== PROMPT ==
Your copy should match the listing word for word, apart from the pictures, which are left out.

== DATA IN THIS EXERCISE ==
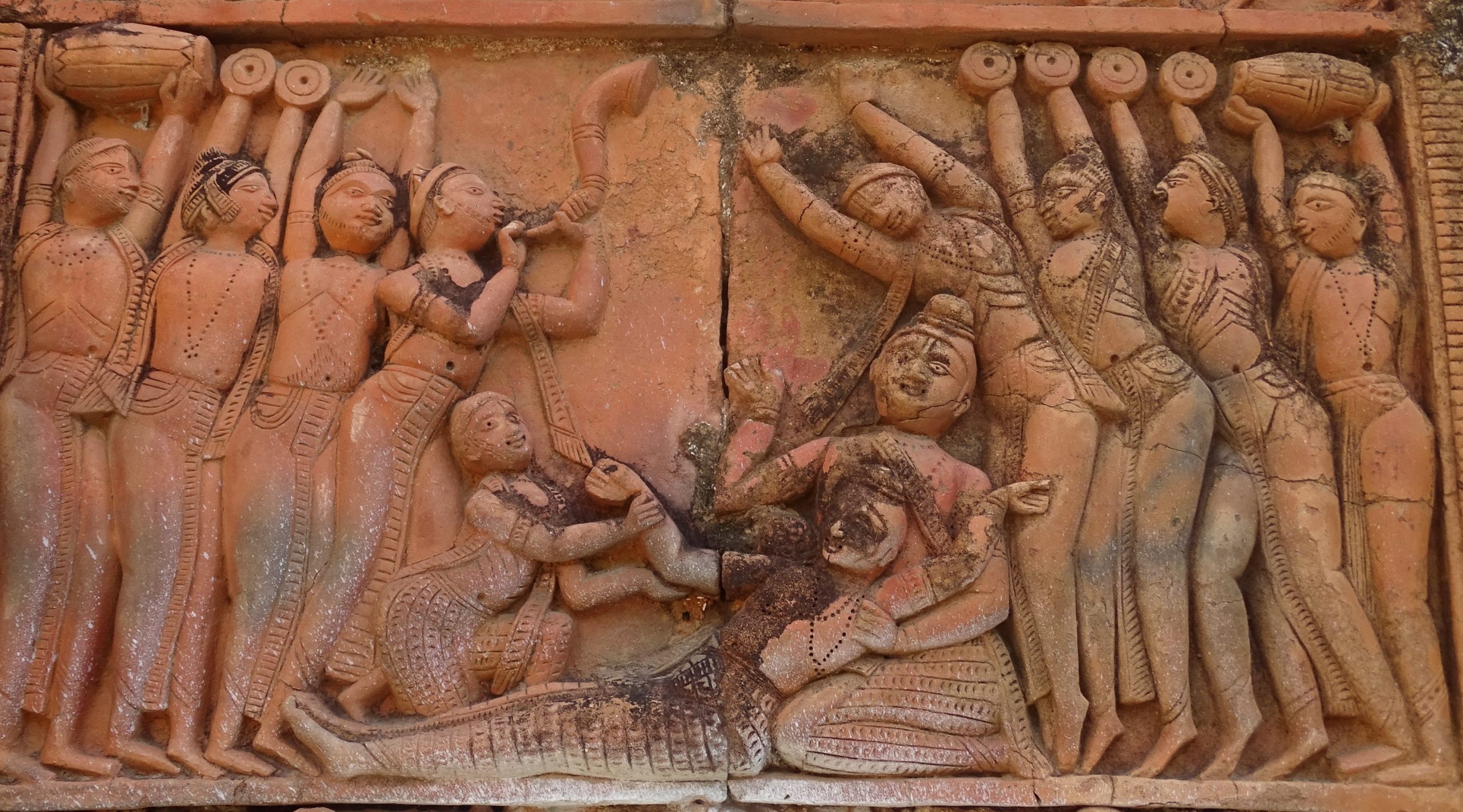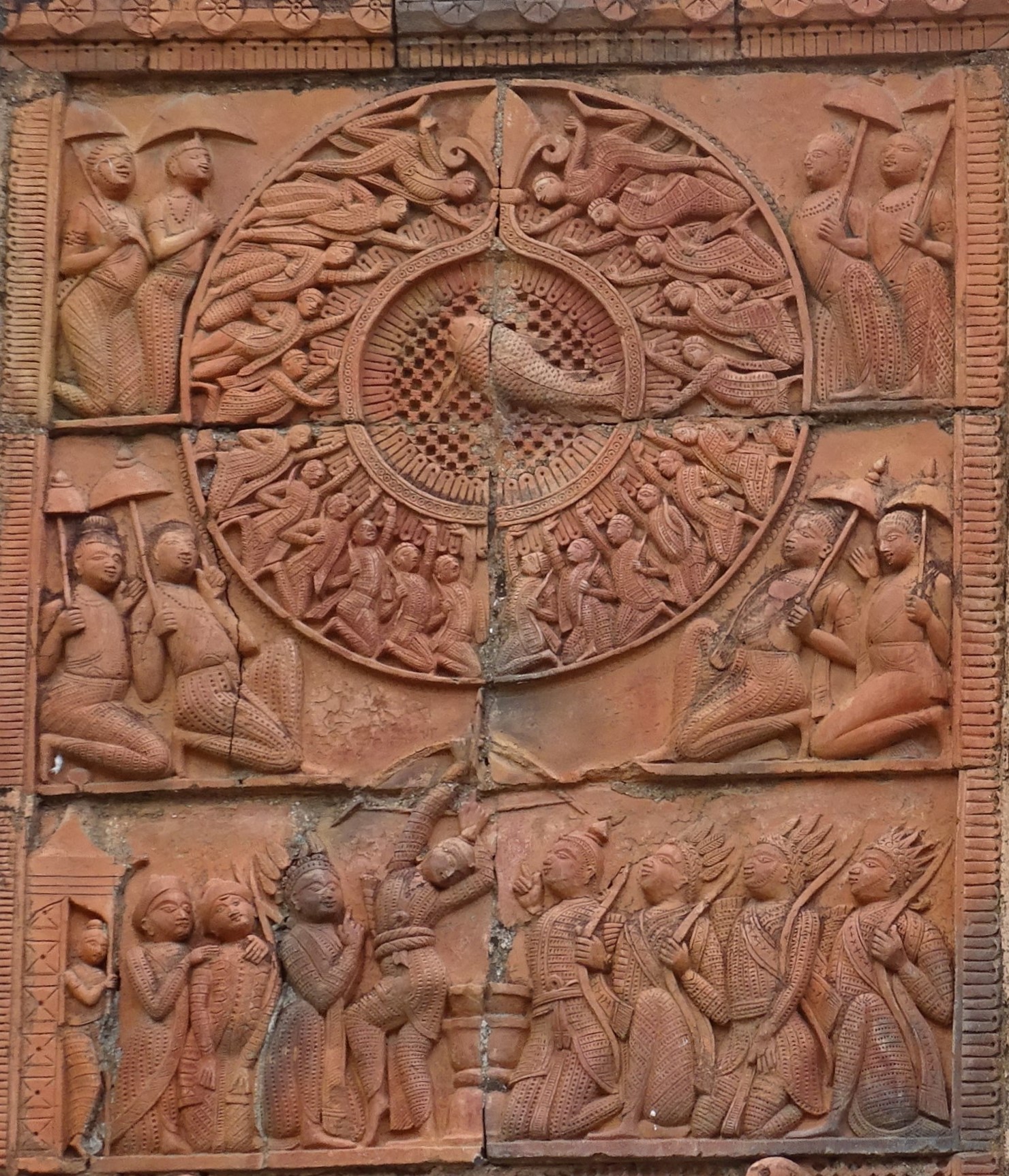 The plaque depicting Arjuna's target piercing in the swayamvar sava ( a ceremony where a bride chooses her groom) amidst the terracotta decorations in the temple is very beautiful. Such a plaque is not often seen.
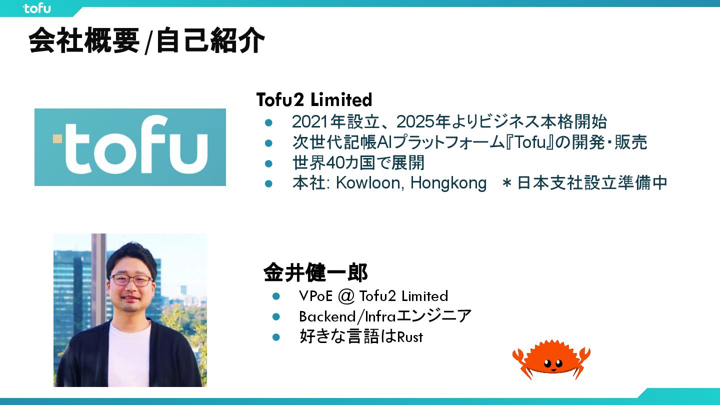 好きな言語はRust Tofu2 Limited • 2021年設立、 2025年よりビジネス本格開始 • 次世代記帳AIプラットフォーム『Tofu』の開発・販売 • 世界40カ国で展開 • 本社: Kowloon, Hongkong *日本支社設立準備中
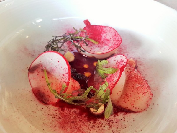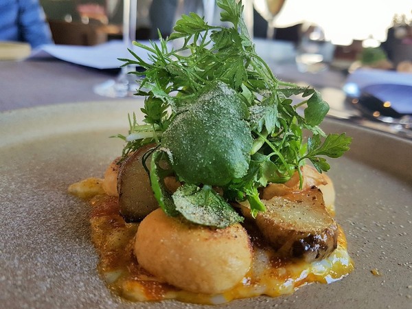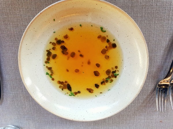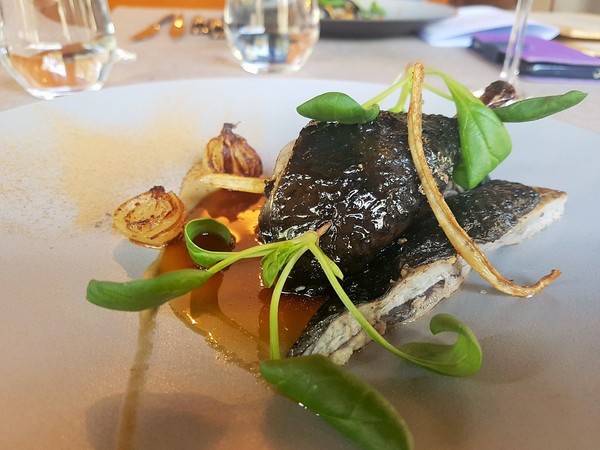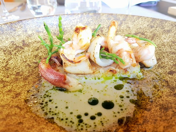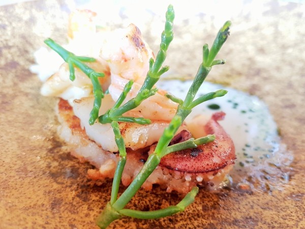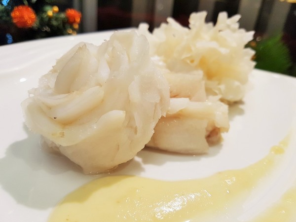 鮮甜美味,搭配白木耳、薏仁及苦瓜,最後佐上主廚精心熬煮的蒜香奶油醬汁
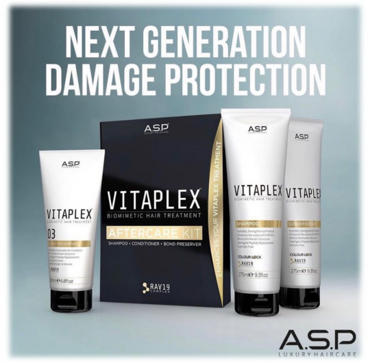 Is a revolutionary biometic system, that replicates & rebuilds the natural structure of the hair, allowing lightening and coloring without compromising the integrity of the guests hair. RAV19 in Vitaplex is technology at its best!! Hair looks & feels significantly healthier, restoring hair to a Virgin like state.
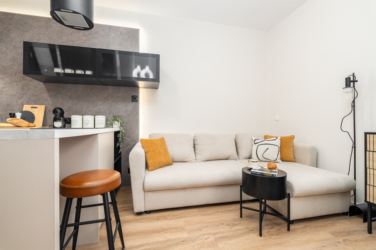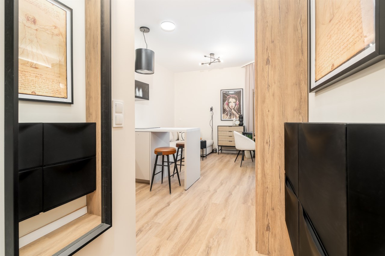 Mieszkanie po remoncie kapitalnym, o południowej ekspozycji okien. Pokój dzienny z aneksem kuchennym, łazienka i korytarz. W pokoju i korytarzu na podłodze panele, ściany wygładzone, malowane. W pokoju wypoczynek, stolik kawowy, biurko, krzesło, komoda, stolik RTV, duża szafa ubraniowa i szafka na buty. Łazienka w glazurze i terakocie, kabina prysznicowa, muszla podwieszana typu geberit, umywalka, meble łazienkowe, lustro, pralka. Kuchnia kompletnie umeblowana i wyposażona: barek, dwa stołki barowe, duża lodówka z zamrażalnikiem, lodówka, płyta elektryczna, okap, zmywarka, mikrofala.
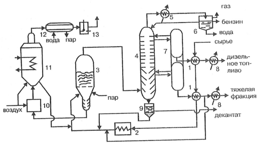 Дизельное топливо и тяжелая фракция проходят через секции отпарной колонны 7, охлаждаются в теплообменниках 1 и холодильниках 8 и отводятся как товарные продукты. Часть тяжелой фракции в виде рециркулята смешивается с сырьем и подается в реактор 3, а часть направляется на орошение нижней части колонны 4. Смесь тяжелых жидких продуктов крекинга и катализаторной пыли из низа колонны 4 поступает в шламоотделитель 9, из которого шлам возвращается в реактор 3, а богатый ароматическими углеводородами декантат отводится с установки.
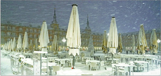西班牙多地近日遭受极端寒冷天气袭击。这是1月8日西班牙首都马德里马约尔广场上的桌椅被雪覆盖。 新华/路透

== SOLUTION FOR THIS PROBLEM ==
 The plaque depicting Arjuna's target piercing in the swayamvar sava ( a ceremony where a bride chooses her groom) amidst the terracotta decorations in the temple is very beautiful. Such a plaque is not often seen.
 好きな言語はRust Tofu2 Limited • 2021年設立、 2025年よりビジネス本格開始 • 次世代記帳AIプラットフォーム『Tofu』の開発・販売 • 世界40カ国で展開 • 本社: Kowloon, Hongkong *日本支社設立準備中
 鮮甜美味,搭配白木耳、薏仁及苦瓜,最後佐上主廚精心熬煮的蒜香奶油醬汁
 Is a revolutionary biometic system, that replicates & rebuilds the natural structure of the hair, allowing lightening and coloring without compromising the integrity of the guests hair. RAV19 in Vitaplex is technology at its best!! Hair looks & feels significantly healthier, restoring hair to a Virgin like state.
 Mieszkanie po remoncie kapitalnym, o południowej ekspozycji okien. Pokój dzienny z aneksem kuchennym, łazienka i korytarz. W pokoju i korytarzu na podłodze panele, ściany wygładzone, malowane. W pokoju wypoczynek, stolik kawowy, biurko, krzesło, komoda, stolik RTV, duża szafa ubraniowa i szafka na buty. Łazienka w glazurze i terakocie, kabina prysznicowa, muszla podwieszana typu geberit, umywalka, meble łazienkowe, lustro, pralka. Kuchnia kompletnie umeblowana i wyposażona: barek, dwa stołki barowe, duża lodówka z zamrażalnikiem, lodówka, płyta elektryczna, okap, zmywarka, mikrofala.
 Дизельное топливо и тяжелая фракция проходят через секции отпарной колонны 7, охлаждаются в теплообменниках 1 и холодильниках 8 и отводятся как товарные продукты. Часть тяжелой фракции в виде рециркулята смешивается с сырьем и подается в реактор 3, а часть направляется на орошение нижней части колонны 4. Смесь тяжелых жидких продуктов крекинга и катализаторной пыли из низа колонны 4 поступает в шламоотделитель 9, из которого шлам возвращается в реактор 3, а богатый ароматическими углеводородами декантат отводится с установки.
西班牙多地近日遭受极端寒冷天气袭击。这是1月8日西班牙首都马德里马约尔广场上的桌椅被雪覆盖。 新华/路透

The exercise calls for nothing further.